Hi,

> Because actual _allocation_ unit may have nothing to blocksize and be
> invisible to VFS. Check fatfs - it uses the thing to trigger allocation,
> but actual zero-out goes on per-sector basis.

I tried vfat on a MO drive with 1KByte sectors - it doesn't work. I also
don't know how you want to do it. A fs with a block size smaller than
the sector size can't impossibly write directly into the page cache and
I don't see anywhere where that is taken care of.

> > fs/adfs/inode.c:        prepare_write:  cont_prepare_write,
>         ???? Not on this box. What version are you using?
> They are _calling_ the thing, but they would simply refuse to compile if
> they would have such lines - different prototypes.

Oops, sorry, wrong source tree, it's a 2.4 with some other changes. :)
What I tried was to change the prototypes so the smaller caller routines
in _every_ fs can be removed - seems to work, except that
cont_prepare_write needs that extra argument (another reason I'd like to
move it to i_realsize). It seems to work, is there any reason not to do
this?

> Not needed. That race is taken care of - readpage() never does access past
> i_size and has the page locked, while vmtruncate() starts with setting
> i_size (on shrinking truncate(), that is), then goes through all pages in
> affected area and grabs the lock on all of them (one by one, not
> simultaneously, indeed) and only then calls ->truncate().

Hmm, then I don't understand the BKL in the get_block functions.

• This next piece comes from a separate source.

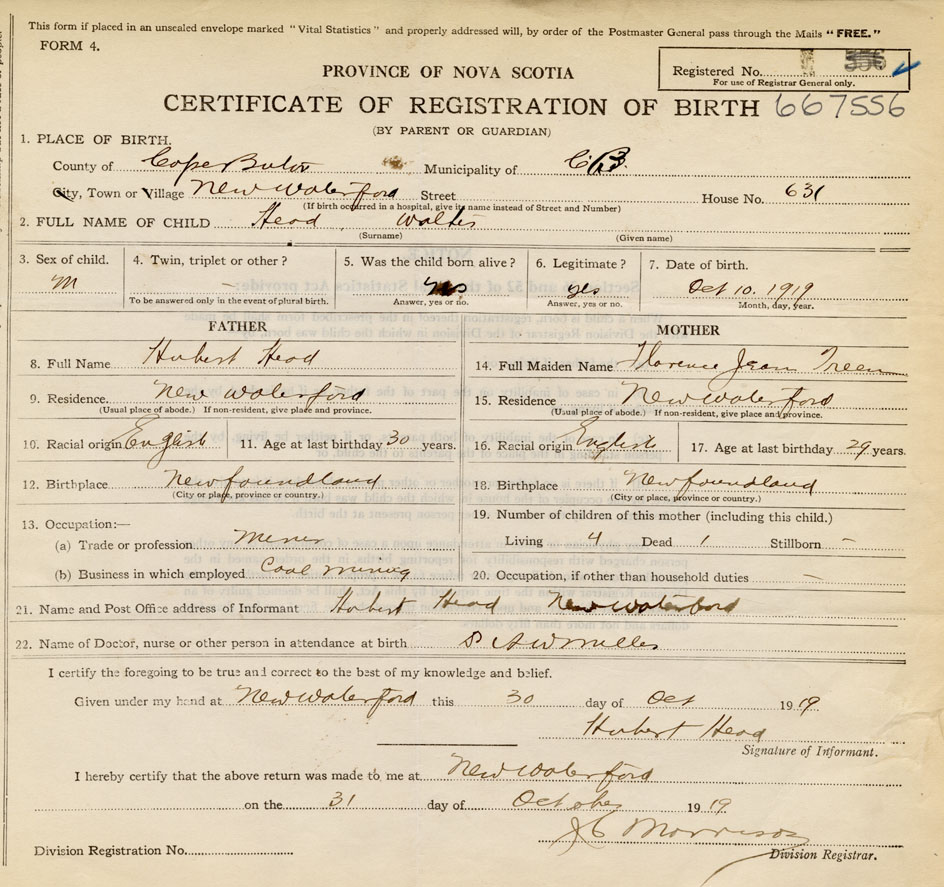 born at New Waterford Cape Breton County on October 10, 1919

> > Rounding it up to the block size isn't a problem, the question is why do
> > we give the bytes ptr to cont_prepare_write, if get_block has to update
> > it in first place. That's probably the point that confused me here.
> 
> cont_prepare_write() has to zero the tail of the last block out ;-<

IMO we could simplify that if we would do the preallocation business in
the page cache. We only need to support a dummy page structure in the
page cache to delay the allocation of the real page (we need that
anyway, if want to do direct io into/from e.g. pci space), but that's
more something for 2.5 or is there any reason why it shouldn't work?